Shopska Salad

A Midsummer Tale ~ Third Place
Jinevrah Aljin

The beach is strange after rain—sand shifted, stones swallowed, landmarks changed, buried, submerged. It becomes unfamiliar, even to eyes that know it well, once the familiar has vanished, washed away into the sea, which alone is unchanging. We, however, cannot know what has changed. We are strangers here, my mother and I. This beach, this sea, are completely alien to us. This sea lacks the Mediterranean’s cerulean hues, those hints of emerald and amethyst flecked with gold, but it is sea nonetheless, and hence welcoming, comforting—a new lover chosen not for his allure, but because he reminds us of another, whose memory we are loath to relinquish. This is the Black Sea, and although I am sure that, in the sunlight, it would be of a blue that belied its name, we have seen only myriad shades of grey, for it has rained every day since our arrival.
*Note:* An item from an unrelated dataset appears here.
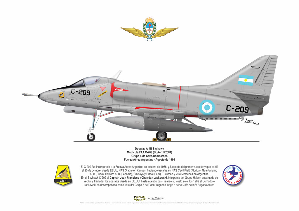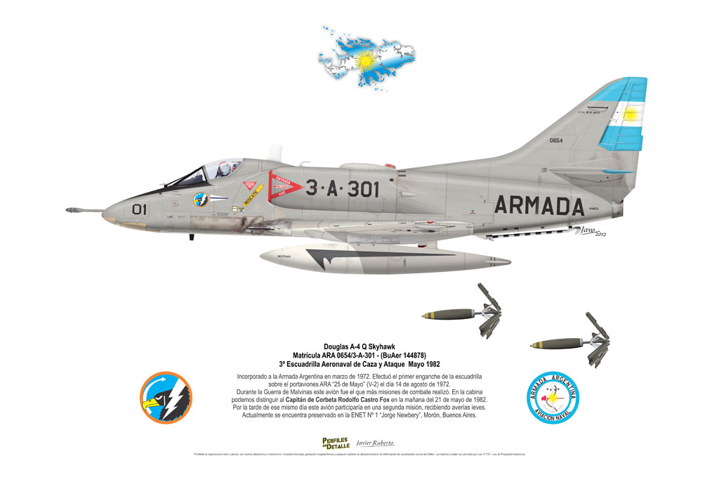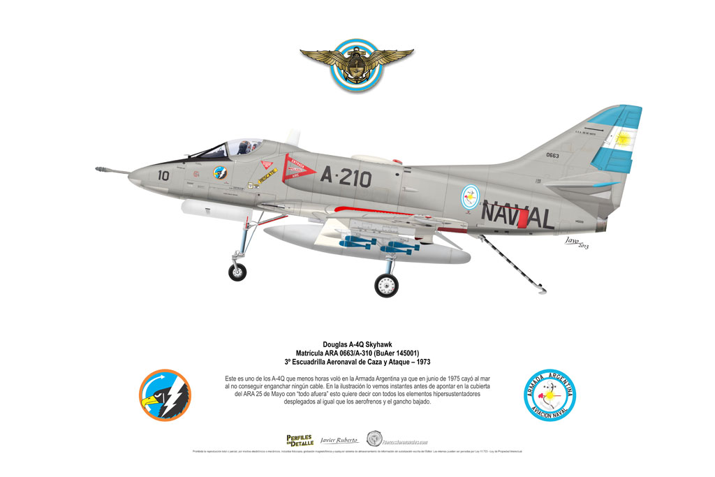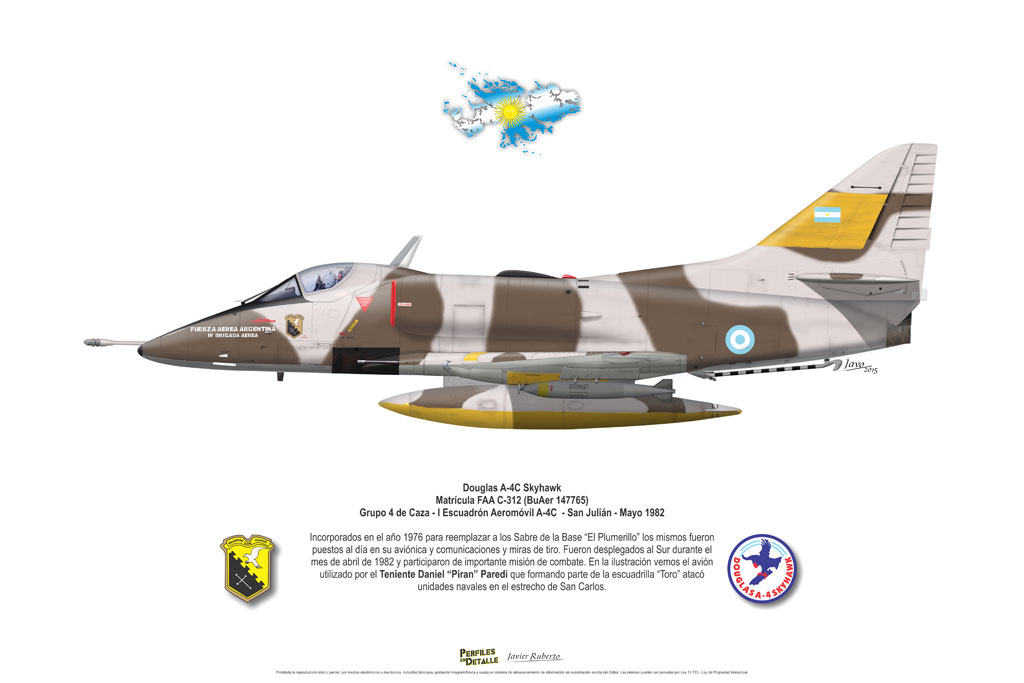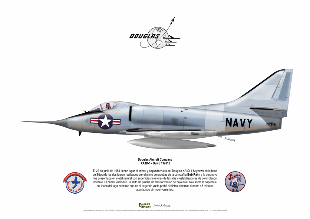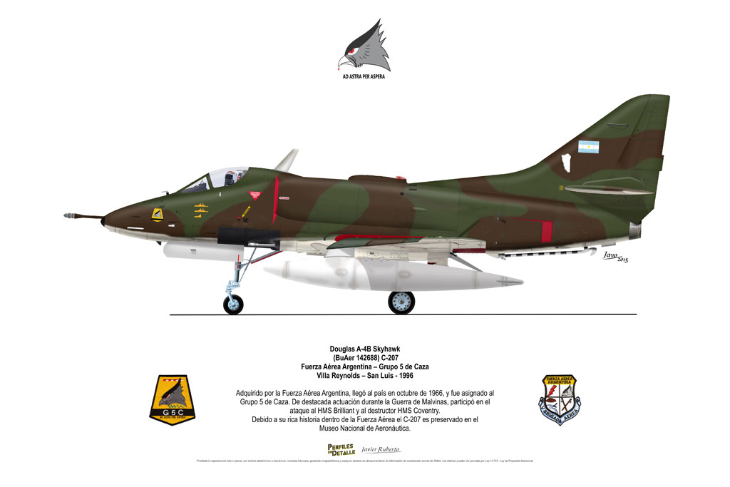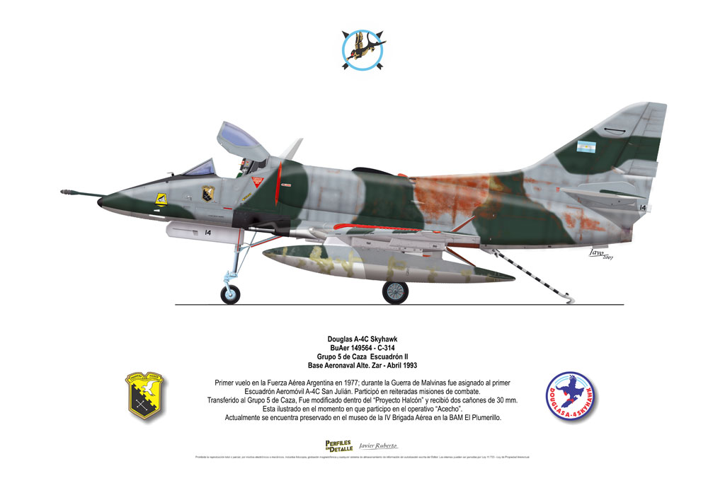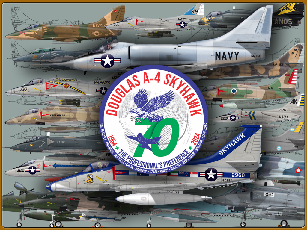 El Douglas A-4 Skyhawk, avión de ataque con capacidad para operar desde portaaviones, fue diseñado por Edward H. Heinemann en la década del ´50 para la USN (United States Navy) y la USMC (United States Marine Corps). El 22 de junio de 1954 se registró su primer vuelo. Mientras que el último aparato producido salió de la fábrica de Douglas Aircraft Co. Inc., ubicada en Long Beach-California, el 27 de febrero de 1979. En este periodo el total de aviones construidos fue de 2.960 unidades.

Today promises no change. Dawn comes veiled by haze, blanketed in cream, blindfolded by yellow-white clouds that seem too heavy to remain suspended. As I watch from our hotel room window, they sink toward the horizon. We had paid extra for a sea view when we made our reservations, only to find ourselves relegated to a back room overlooking a mosquito-laden estuary. My mother had not wanted to let the matter lie, not even when offered a discount. It wasn’t about money. It was for me. She has brought me here to the Black Sea coast because today is my thirtieth birthday, and she wants very much for me to be happy, for it to be perfect, for she knows that my life has been far from perfect, and because she loves me, she wants to make it right.

I have sworn I will not indulge in the predictable glumness that seems an inevitable part of turning thirty. I want to be happy today, as much for her as for myself. Nonetheless, treacherous thoughts crept into my mind as I slept, before I could prevent it, and I woke with a lump in my throat. Waiting in the hotel room is not helping.

My mother is in the shower. I knock on the bathroom door.


“I’m going for coffee. I’ll meet you in the dining room, on the terrace.”

“Okay. I’ll hurry.”

“Take your time.”

Everything on the buffet is labeled in Bulgarian, and only some things in English. I’m glad I can read the Cyrillic letters—I can pronounce the words, although I can only guess at what they mean. I fill a cup with sad coffee from an automatic machine and claim a table on the terrace, facing the beach. No one else is outside. The plastic curtains are flecked with water. Still, despite the cold, the slate sky, the thin coffee, I am happy to be here by the sea, any sea. I am so thankful to my mother for this.

She comes, dressed too lightly. We packed our suitcases for a beach vacation, and neither of us are prepared for this chill. She puts down her cup of tea and sits. “Happy birthday,” she says, taking my hand, and without meaning to, without even suspecting it was about to happen, I start to cry. Her smile disappears as completely as the sun behind these never-ending clouds.

“I’m sorry,” I say, “This is so cliché. I feel stupid.”

“You’re not stupid!” she says, squeezing my fingers. “Tell me.”

“I just can’t help thinking of all the things I wanted to have done by the time I was thirty. I promised myself that I would have a book published by now, and I haven’t even finished my first novel. Most people my age have a house, a job, a—”

“But you never wanted that, did you?” My mother knows my heart well.

“No,” I say, “I didn’t. I don’t. It’s just—coming back to live at home makes me feel like a failure.”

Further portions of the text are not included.